• Raw data:
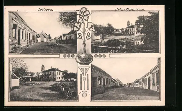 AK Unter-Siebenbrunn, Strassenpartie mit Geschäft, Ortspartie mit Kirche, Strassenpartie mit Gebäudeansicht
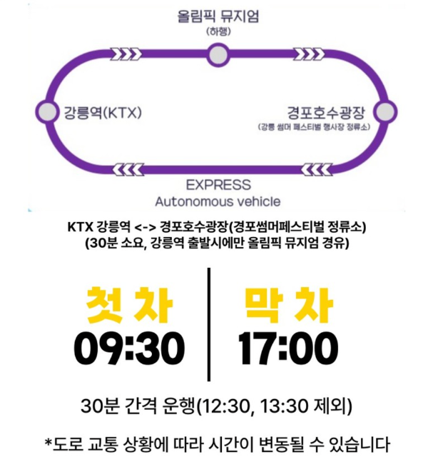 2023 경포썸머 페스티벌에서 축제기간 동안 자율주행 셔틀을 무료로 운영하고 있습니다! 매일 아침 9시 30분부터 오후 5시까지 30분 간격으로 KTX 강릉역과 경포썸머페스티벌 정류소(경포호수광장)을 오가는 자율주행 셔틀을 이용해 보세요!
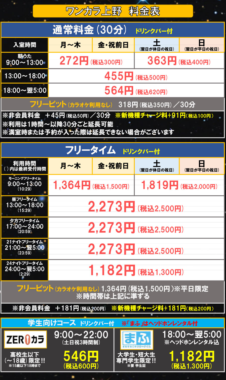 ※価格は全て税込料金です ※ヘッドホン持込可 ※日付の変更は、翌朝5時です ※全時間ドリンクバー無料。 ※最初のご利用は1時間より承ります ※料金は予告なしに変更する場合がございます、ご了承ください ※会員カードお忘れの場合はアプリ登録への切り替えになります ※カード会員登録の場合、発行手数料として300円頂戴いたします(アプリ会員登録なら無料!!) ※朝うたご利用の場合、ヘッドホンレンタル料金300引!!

• Work task: When you repeat the data, keep every line exact and drop the images.

• Response area:
 AK Unter-Siebenbrunn, Strassenpartie mit Geschäft, Ortspartie mit Kirche, Strassenpartie mit Gebäudeansicht
 2023 경포썸머 페스티벌에서 축제기간 동안 자율주행 셔틀을 무료로 운영하고 있습니다! 매일 아침 9시 30분부터 오후 5시까지 30분 간격으로 KTX 강릉역과 경포썸머페스티벌 정류소(경포호수광장)을 오가는 자율주행 셔틀을 이용해 보세요!
 ※価格は全て税込料金です ※ヘッドホン持込可 ※日付の変更は、翌朝5時です ※全時間ドリンクバー無料。 ※最初のご利用は1時間より承ります ※料金は予告なしに変更する場合がございます、ご了承ください ※会員カードお忘れの場合はアプリ登録への切り替えになります ※カード会員登録の場合、発行手数料として300円頂戴いたします(アプリ会員登録なら無料!!) ※朝うたご利用の場合、ヘッドホンレンタル料金300引!!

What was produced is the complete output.